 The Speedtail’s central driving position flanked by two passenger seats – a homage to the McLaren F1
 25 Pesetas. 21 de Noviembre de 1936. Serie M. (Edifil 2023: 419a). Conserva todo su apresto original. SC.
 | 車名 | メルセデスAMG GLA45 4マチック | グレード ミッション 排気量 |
□ □ □ □
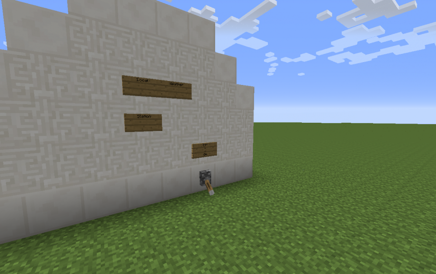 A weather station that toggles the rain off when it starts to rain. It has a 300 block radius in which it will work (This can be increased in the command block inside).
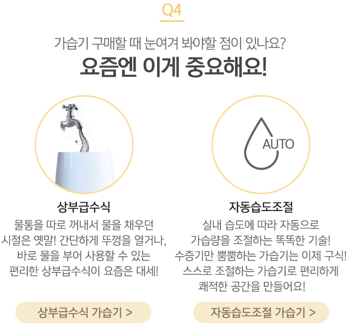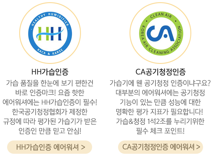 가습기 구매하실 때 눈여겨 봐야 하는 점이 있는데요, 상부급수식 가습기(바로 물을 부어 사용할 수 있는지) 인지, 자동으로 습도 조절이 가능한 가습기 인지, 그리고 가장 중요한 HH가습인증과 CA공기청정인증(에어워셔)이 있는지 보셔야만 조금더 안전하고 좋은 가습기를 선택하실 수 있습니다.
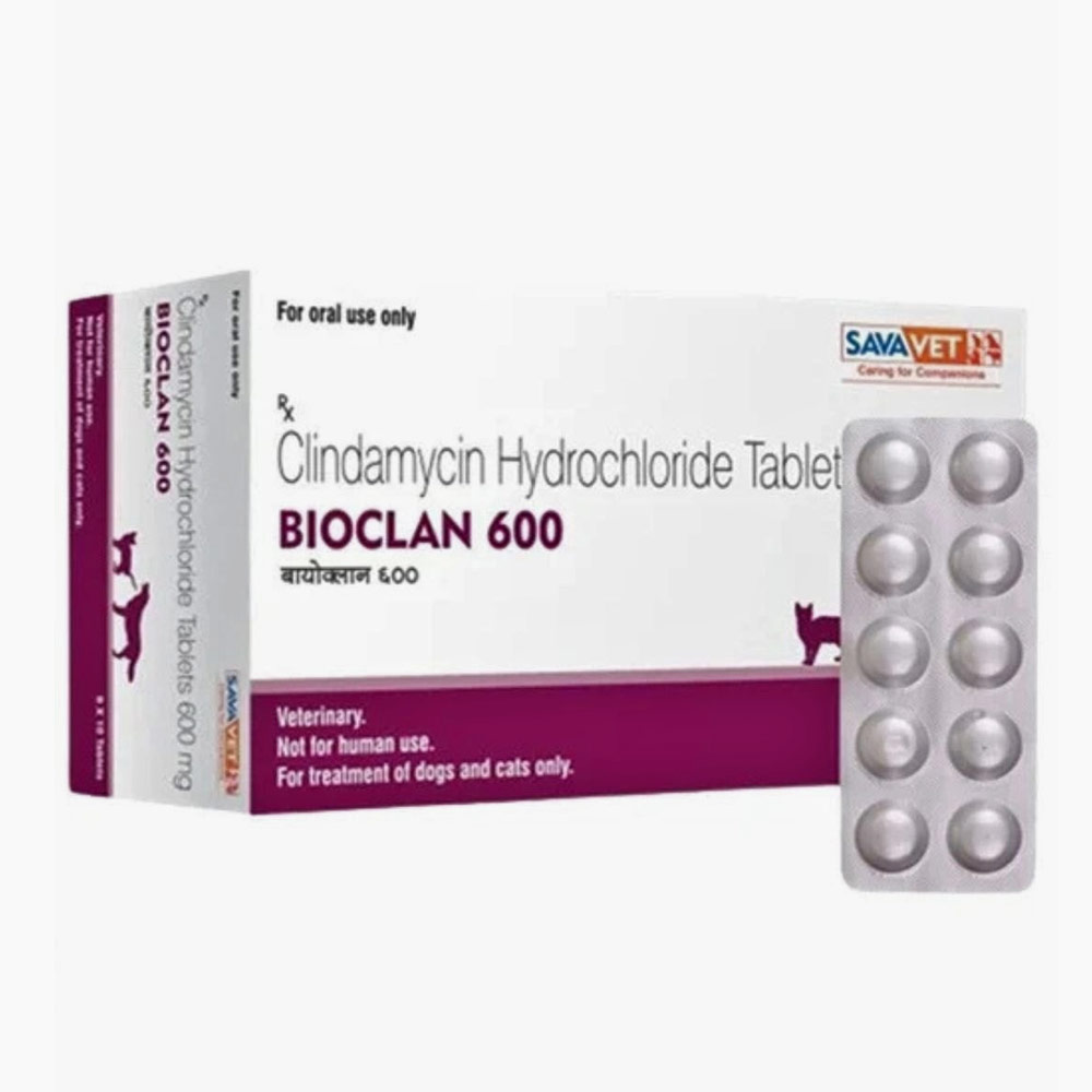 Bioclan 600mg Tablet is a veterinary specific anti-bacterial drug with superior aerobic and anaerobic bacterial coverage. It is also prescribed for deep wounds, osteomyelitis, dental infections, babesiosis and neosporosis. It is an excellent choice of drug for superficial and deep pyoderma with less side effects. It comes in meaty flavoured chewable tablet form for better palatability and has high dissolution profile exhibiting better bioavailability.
□ □ □ □
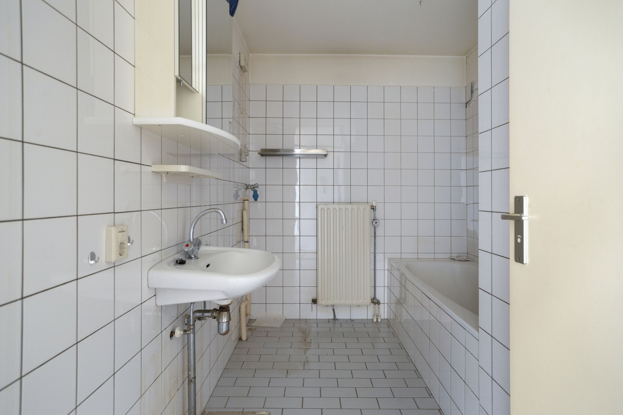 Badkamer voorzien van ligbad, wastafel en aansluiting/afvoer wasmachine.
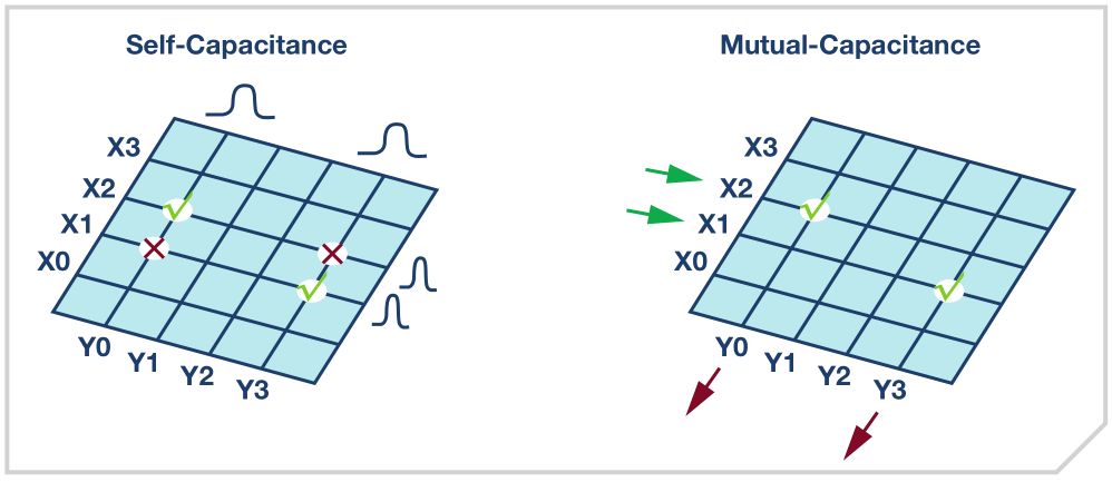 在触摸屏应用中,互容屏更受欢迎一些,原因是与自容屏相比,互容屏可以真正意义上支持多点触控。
□ □ □ □
WHAT THE EXERCISE ASKS
An exact copy of the lines above, from the one containing "The Speedtail’s central" through the one containing "ミッション 排気量 |", is the whole of the answer.

OUTPUT
 The Speedtail’s central driving position flanked by two passenger seats – a homage to the McLaren F1
 25 Pesetas. 21 de Noviembre de 1936. Serie M. (Edifil 2023: 419a). Conserva todo su apresto original. SC.
 | 車名 | メルセデスAMG GLA45 4マチック | グレード ミッション 排気量 |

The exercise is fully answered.